(DATA PROVIDED):
+ + +

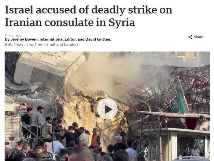 報道援引伊朗駐敘利亞大使侯賽因·阿克巴里的話稱,伊朗大使館旁邊的領(lǐng)事部門建筑“遭到以色列F-35戰(zhàn)機發(fā)射的六枚導(dǎo)彈襲擊”。伊朗媒體發(fā)布的視頻還顯示,現(xiàn)場遭到嚴(yán)重破壞,并起火冒煙。
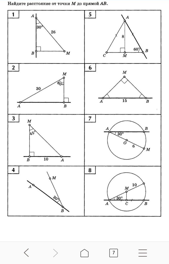 7)проводим ВМ - искомое расстояние. имеем треугольник АВМ, в котором катет напротив угла в 30° равен половине гипотенузы, то есть ВМ=0,5*6=3
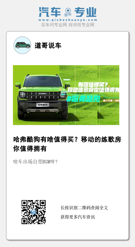 啥车出场自带BGM呀?(哈喽,酷狗~)今天我们就来聊聊哈弗酷狗。它最大的卖点就是车内标配18个扬声器,官方定位潮酷音乐座驾,与此同时酷狗的这套音乐系统还包含了座椅律动功能、以及64色律动氛围灯以及香氛系统,多系统智能组合联动带来的是听觉、触觉、视觉、嗅觉的全方位体验,听音乐也可以感受到4D氛围,并且除了听歌,你也可以通过车机系统中的雷石KTV系统把酷狗这辆车变成移动的KTV,出去玩的路上不会无聊了。
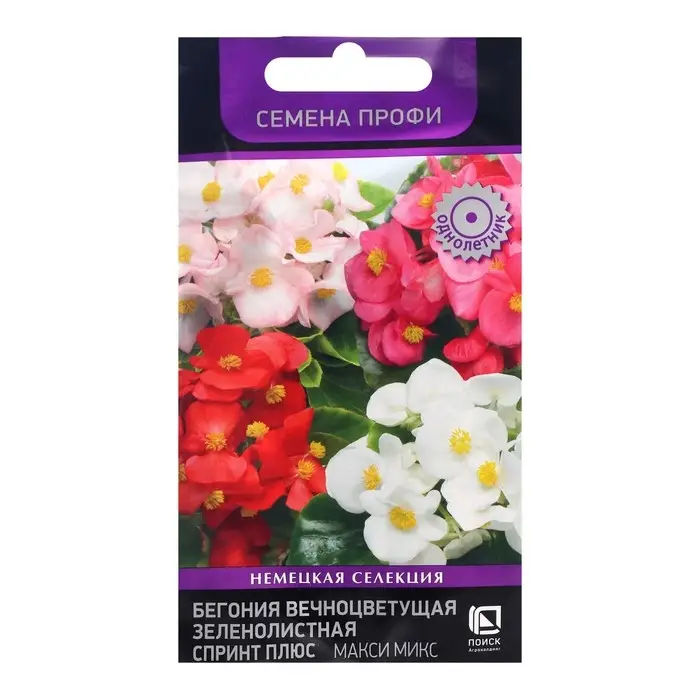 Семена цветов Бегония вечноцветущая зеленолистная "Спринт Плюс Макси", Микс, 10 шт.

+ + +

(WHAT IS REQUIRED): Repeat the data exactly. Pictures should not appear.

(ANSWER TO THE EXERCISE):
 報道援引伊朗駐敘利亞大使侯賽因·阿克巴里的話稱,伊朗大使館旁邊的領(lǐng)事部門建筑“遭到以色列F-35戰(zhàn)機發(fā)射的六枚導(dǎo)彈襲擊”。伊朗媒體發(fā)布的視頻還顯示,現(xiàn)場遭到嚴(yán)重破壞,并起火冒煙。
 7)проводим ВМ - искомое расстояние. имеем треугольник АВМ, в котором катет напротив угла в 30° равен половине гипотенузы, то есть ВМ=0,5*6=3
 啥车出场自带BGM呀?(哈喽,酷狗~)今天我们就来聊聊哈弗酷狗。它最大的卖点就是车内标配18个扬声器,官方定位潮酷音乐座驾,与此同时酷狗的这套音乐系统还包含了座椅律动功能、以及64色律动氛围灯以及香氛系统,多系统智能组合联动带来的是听觉、触觉、视觉、嗅觉的全方位体验,听音乐也可以感受到4D氛围,并且除了听歌,你也可以通过车机系统中的雷石KTV系统把酷狗这辆车变成移动的KTV,出去玩的路上不会无聊了。
 Семена цветов Бегония вечноцветущая зеленолистная "Спринт Плюс Макси", Микс, 10 шт.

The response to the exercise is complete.